◆ Task requirements:
Write out only the lines from the start of the entries up to and including the line with "高品質!送料無料!カラードレス カーキ色 コーヒー色"; please skip the pictures.
··· Recorded information ···
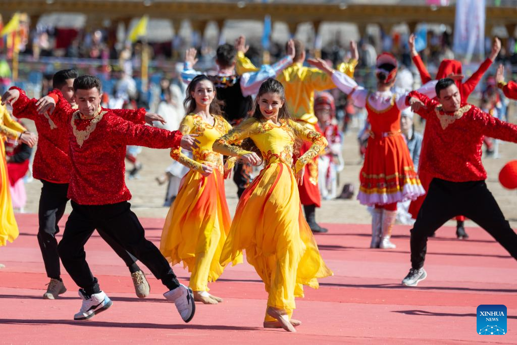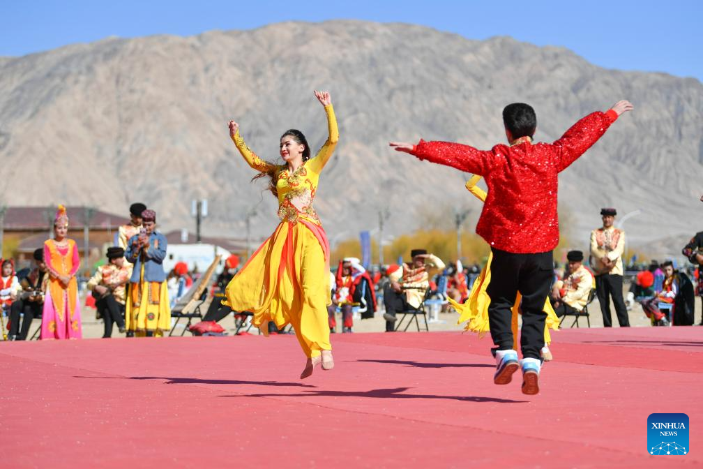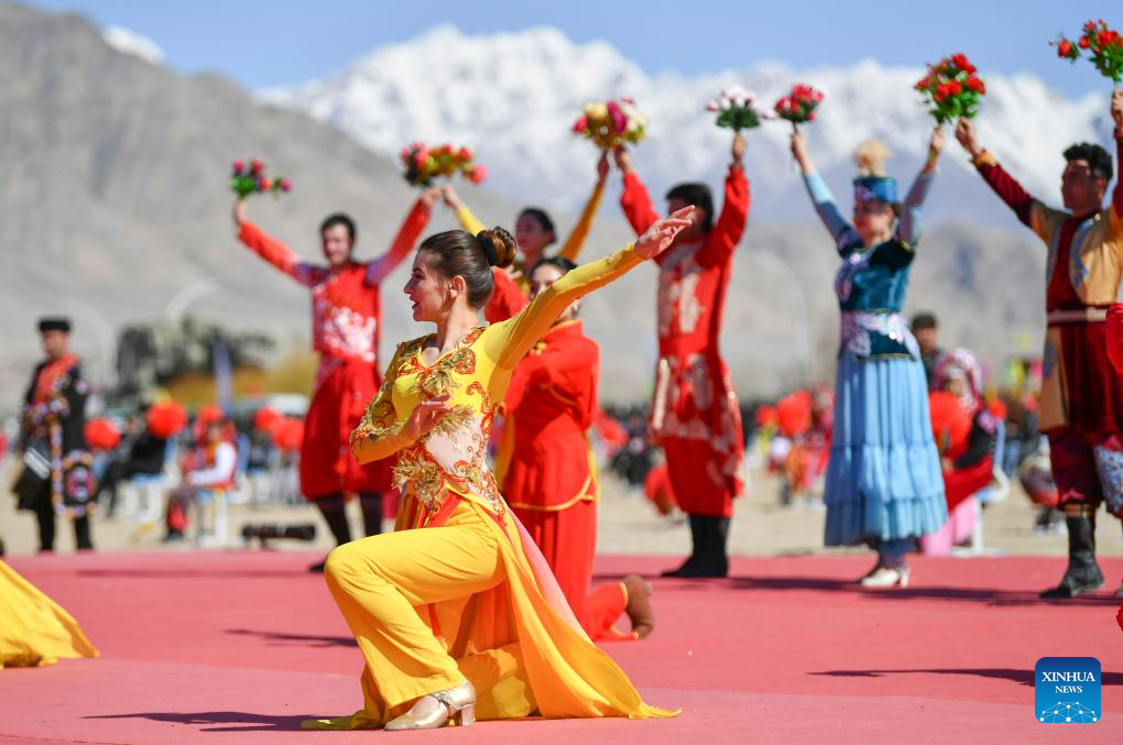Amangul Wapik (C) and her colleagues stage a performance during a spring tourism activity in Tiznap Town of Taxkorgan Tajik Autonomous County, northwest China's Xinjiang Uygur Autonomous Region, March 23, 2025. (Xinhua/Hu Huhu)
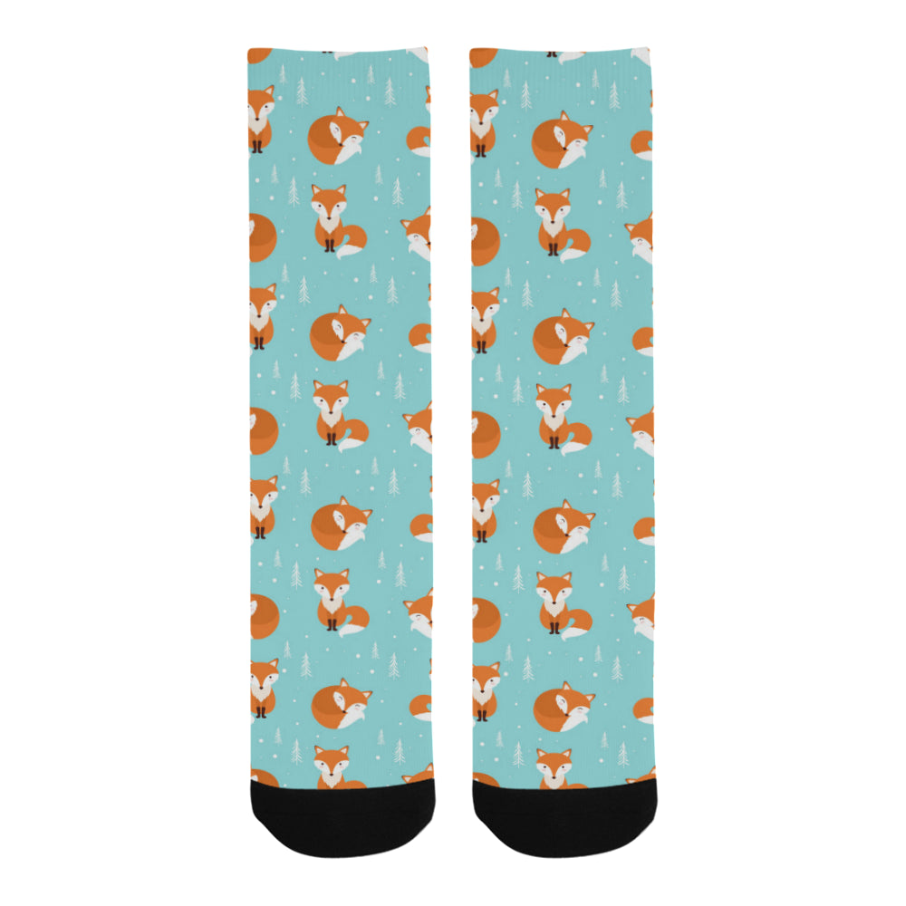 Fox pattern blue b ackground Crew Socks are uniqued design and limited item. It made to order, hand printed, and sewn with love in our factory.
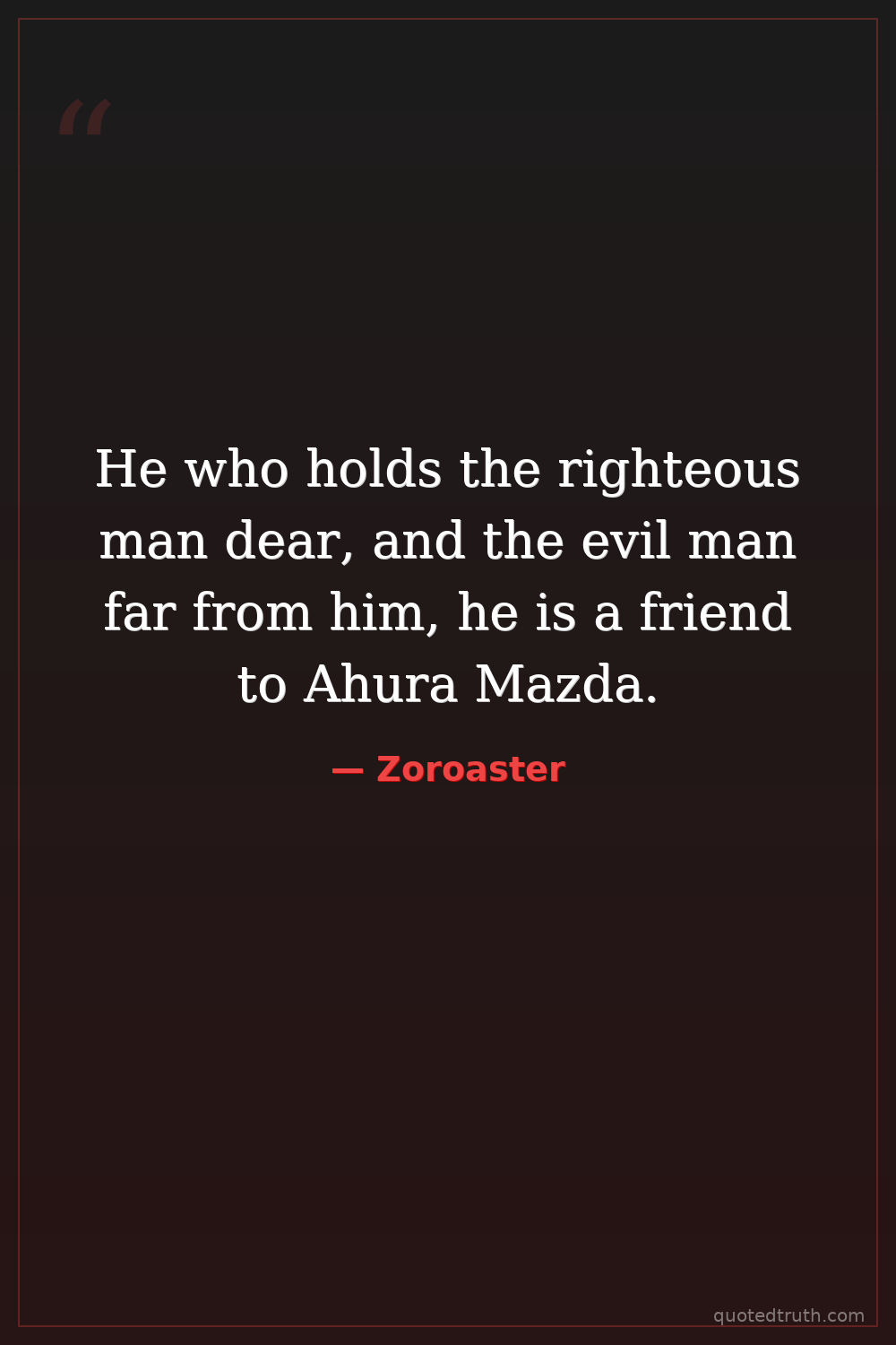 He who holds the righteous man dear, and the evil man far from him, he is a friend to Ahura Mazda.
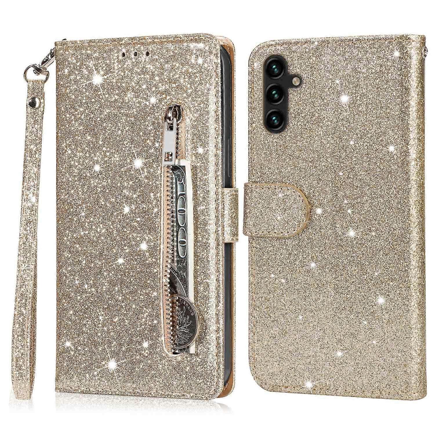 L2d For Samsung Galaxy A56 5G Stand Case Glitter Phone Leather Cover r4Q Zipper Pocket - Gold
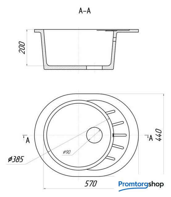 врезная на столешницу, искусственный камень, размеры: 57x44 см
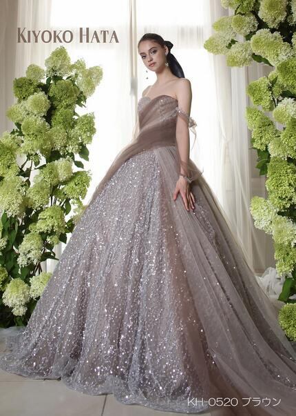 高品質!送料無料!カラードレス カーキ色 コーヒー色 キラキラチュール グラデーション オフショルダー かわいい エレガント 優雅 オーダードレス ハンドメイド ソフトチュール 花嫁 トレーン 結婚式/前撮り/二次会/2次会/披露宴/演奏会/音楽会 合コン パーティードレス | David1021k Dress(ダヴィドレス)
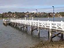 The Bayview Park reserve, along with the wharf, was opened in 1980.[1] Ferry services to the wharf were mostly run by private ventures, with Matilda Cruises operating its Darling Harbour–Homebush Bay service to the wharf until October 2005.[9] Palm Beach Ferries replaced Matilda Cruises services to the wharf afterwards with their new Darling Harbour–Cape Cabarita and Bayview Park service,[10] though decommissioned the service altogether a year later, after it "failed to attract sufficient patronage to be economically viable."[9] In September 2006, after requests from the constituents of Drummoyne, and its member Angela D'Amore in State Parliament,[11] Sydney Ferries began servicing Bayview Park as part of its Parramatta River route, serving as a terminus on its own dedicated limited-stops and shuttle pattern on the route.[12][13] Sydney Ferries serviced the wharf for seven years.[14] In October 2013, despite a redevelopment of the wharf enlarging the size of the pontoon to house shelter and seating, Bayview Park was decommissioned from the Sydney Ferries network, alongside Balmain West, both due to low patronage.[15][16] In the last year of the service, Sydney Ferries saw a weekly average patronage of 28 passengers, compared to 870 weekly passengers at Cabarita, the closest ferry wharf to Bayview Park.[17] The wharf's closure was not without controversy, sparking a political row between the Minister for Transport Gladys Berejiklian and the Minister for Drummoyne John Sidoti.[15][18][19]
···
◆ Worked solution:
Amangul Wapik (C) and her colleagues stage a performance during a spring tourism activity in Tiznap Town of Taxkorgan Tajik Autonomous County, northwest China's Xinjiang Uygur Autonomous Region, March 23, 2025. (Xinhua/Hu Huhu)
 Fox pattern blue b ackground Crew Socks are uniqued design and limited item. It made to order, hand printed, and sewn with love in our factory.
 He who holds the righteous man dear, and the evil man far from him, he is a friend to Ahura Mazda.
 L2d For Samsung Galaxy A56 5G Stand Case Glitter Phone Leather Cover r4Q Zipper Pocket - Gold
 врезная на столешницу, искусственный камень, размеры: 57x44 см
 高品質!送料無料!カラードレス カーキ色 コーヒー色 キラキラチュール グラデーション オフショルダー かわいい エレガント 優雅 オーダードレス ハンドメイド ソフトチュール 花嫁 トレーン 結婚式/前撮り/二次会/2次会/披露宴/演奏会/音楽会 合コン パーティードレス | David1021k Dress(ダヴィドレス)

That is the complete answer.